All this data on user behavior and interactions allows TikTok to serve hyper-personalized recommendations and keep users deeply engaged. However, storing and processing such massive amounts of data also requires substantial computing resources. The algorithm’s sophistication comes at the cost of large-scale data storage needs.
Multiple Versions of Each Video
TikTok stores multiple compressed versions of each video for optimized delivery across devices and network conditions. According to experts, TikTok transcodes each uploaded video into at least 3 different resolutions – 1080p, 720p and 480p (1). This allows TikTok to deliver the right video quality to match each user’s device capabilities and network bandwidth. The various resolutions also enable smooth playback as users scroll through their feeds. Without transcoding into multiple versions, videos would buffer excessively or play in low quality. As a result, TikTok’s infrastructure has to store these redundant copies, which multiplies their storage needs. The transcoding process is automated through TikTok’s backend video processing workflows.
(1) https://www.reddit.com/r/Tiktokhelp/comments/jkavrq/why_is_my_video_quality_so_bad_once_i_upload_a/
Conclusion
TikTok’s massive amount of user data and documents can be attributed to several key factors.
First, TikTok has an enormous global userbase, with over 1 billion monthly active users. This results in billions of videos being uploaded daily. Storing these videos requires massive amounts of data storage capacity.
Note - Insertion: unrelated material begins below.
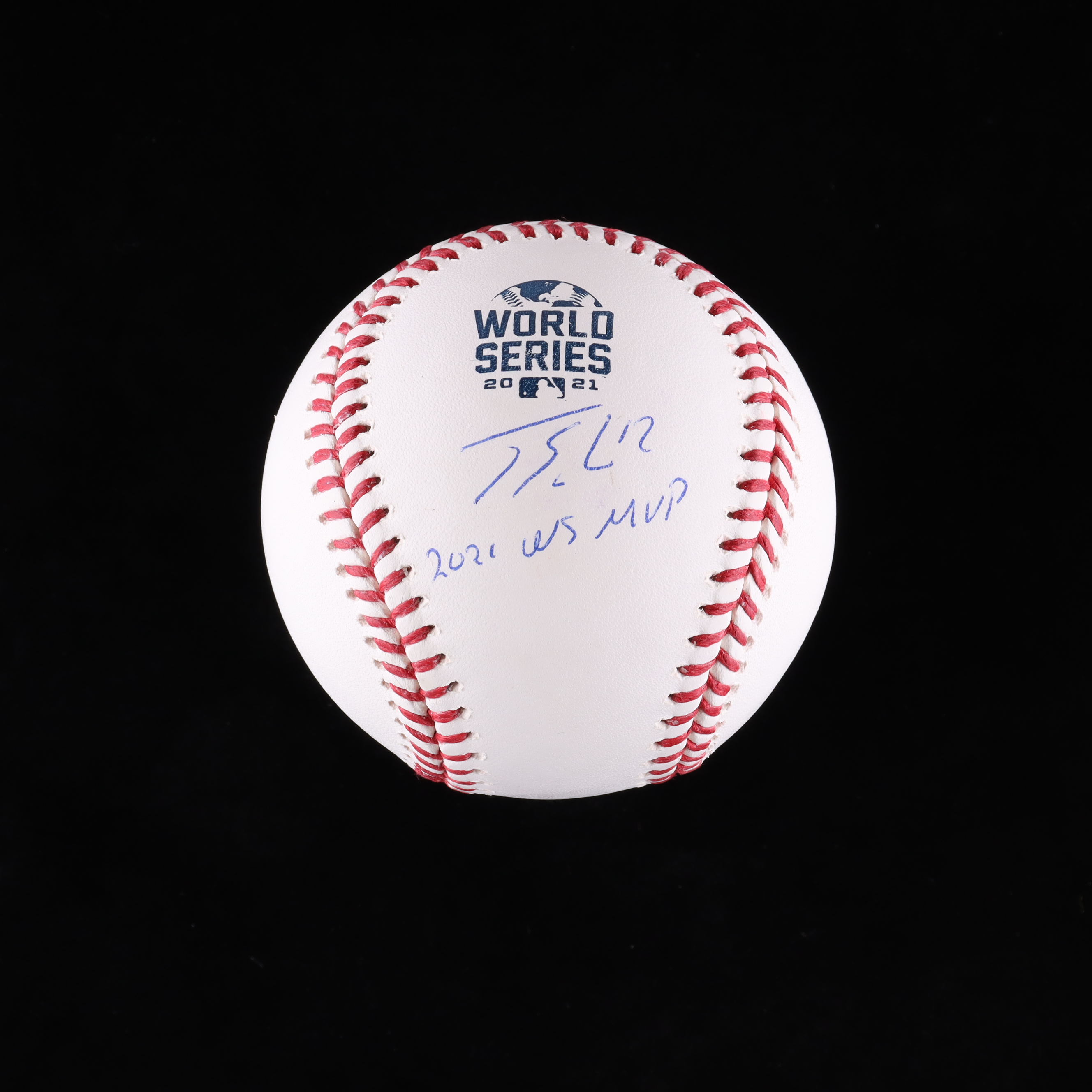Rawlings Official 2021 World Series Logo Baseball. Hand-signed and inscribed by Jorge Soler (Atlanta Braves).

Second, TikTok collects vast amounts of data about its users for ad targeting purposes. Information about users’ demographics, interests, behaviors, and device data are all collected.
Third, moderating the content uploaded requires large teams of human moderators and advanced AI systems, all of which produce and store data.
Additionally, TikTok’s recommendation algorithm analyzes massive datasets to serve users personalized content. Multiple versions of each video are stored to allow for different aspect ratios.
In summary, supporting TikTok’s extensive userbase with customized services results in the need to store and analyze enormous amounts of data.